The highest ACE inhibitory value obtained for peptic hydrolysate (74.99 ± 0.43%) at 1.20 mg/mL was significantly higher (p < 0.05) compared with all the other values obtained at lower peptic hydrolysate concentrations. This value shows no significant difference (p > 0.05) in the percentage inhibition obtained for tryptic hydrolysate at the same concentration but significantly different from that of Alcalase hydrolysate. Similar trend was also obtained at 0.40 mg/mL. The strong inhibition of ACE by peptic hydrolysate and tryptic hydrolysate therefore may be as a result of residual amino acids found in the peptides which emanated from peptide bond breakage (Table 2) i.e. hydrophobic/aromatic and acidic residues for pepsin and cationic residues for trypsin (Naik, 2012).
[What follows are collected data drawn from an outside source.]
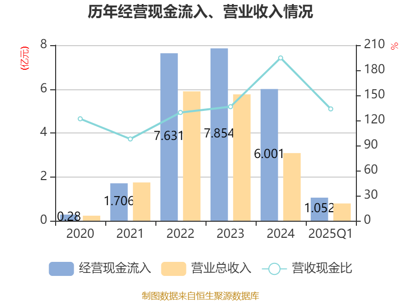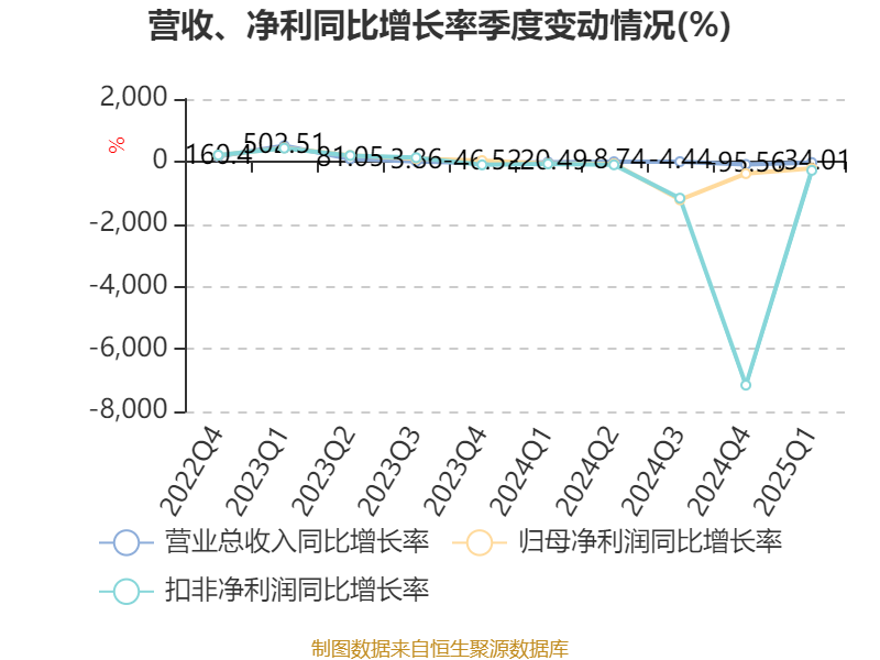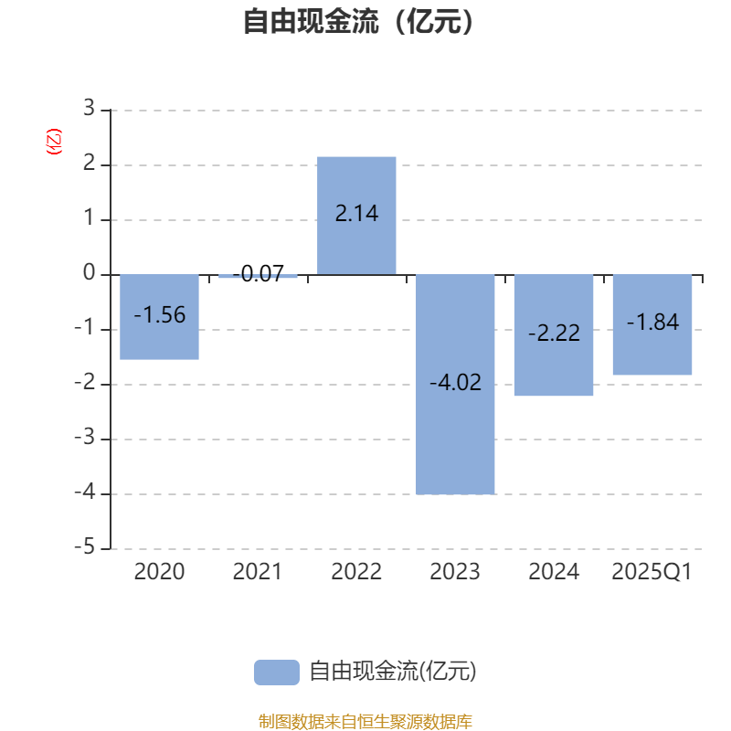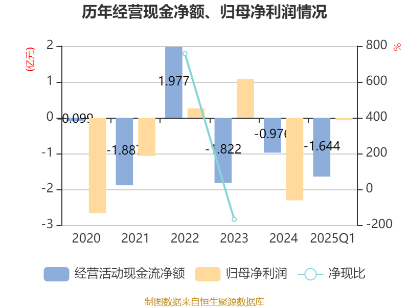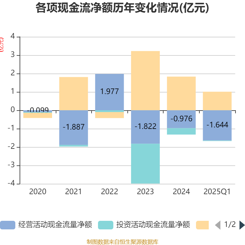 截至2025年一季度末,公司经营活动现金流净额为-1.64亿元,同比减少1.79亿元;筹资活动现金流净额1.01亿元,同比增加1.75亿元;投资活动现金流净额-313.52万元,上年同期为-1033.49万元。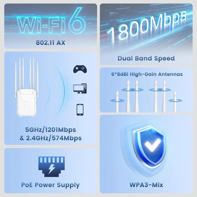 Fort Knox-Level Network Security with WPA3: Browse and stream with absolute peace of mind. Supporting the latest WPA/WPA3 and WPA-PSK/WPA3-PSK encryption protocol, this extender provides robust protection against cyber threats, safeguarding your personal data and smart home devices. It's the secure foundation for your entire outdoor network.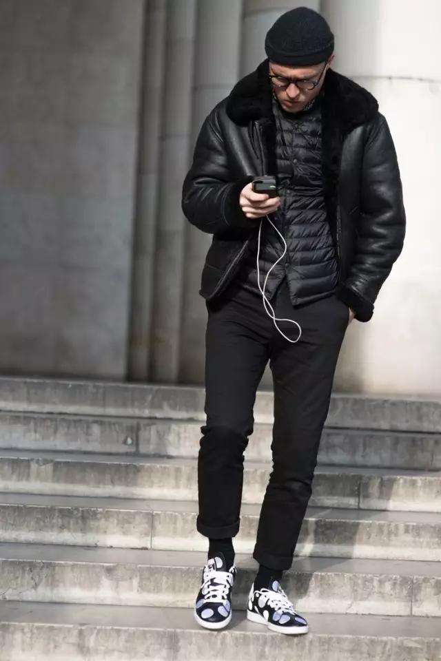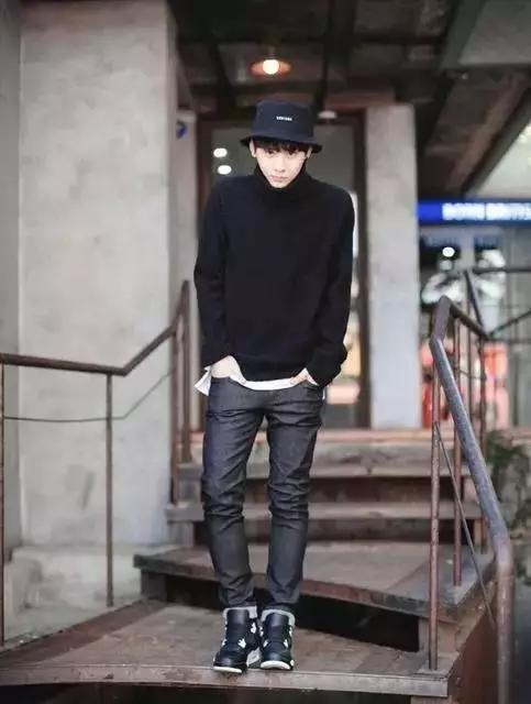 好吧,这位小哥颜很正导致这身看起来也没什么不妥,但如果穿在普通人身上就很灾难了。实在不建议冬天从头到脚一身黑,而且这种款式老气的外套没有其他单品来配合的话你真的看上去与时尚无缘。

It is known that ACE has affinity for molecules acting as substrates or inhibitors with hydrophobic (aromatic and branched chain such as Trp, Trp, Tyr, Phe, Pro or Lys) amino acid residues at its C-terminal positions (Wu et al., 2006; Alashi et al., 2014). This also supports why peptic hydrolysate had higher inhibitory activity as many of these residues are targets of its point of peptide bond hydrolysis.
The IC50 values obtained for peptic hydrolysate, tryptic hydrolysate and Alcalase hydrolysate were 0.32, 0.31 and 0.93 mg/mL respectively. The IC50 value obtained for peptic hydrolysate exhibited no significant difference (p > 0.05) when compared to that of tryptic hydrolysate, however both values were significantly different (p < 0.05) from the value obtained for Alcalase hydrolysate, this suggests that both hydrolysates are effective in inhibiting ACE. The tryptic hydrolysate IC50 value obtained in this study was lower than 1.03–1.06 mg/mL and 0.05 mg/mL previously reported for bovine milk tryptic hydrolysate (Haque and Chand, 2008) and flaxseed tryptic protein hydrolysate (Udenigwe et al., 2009) respectively.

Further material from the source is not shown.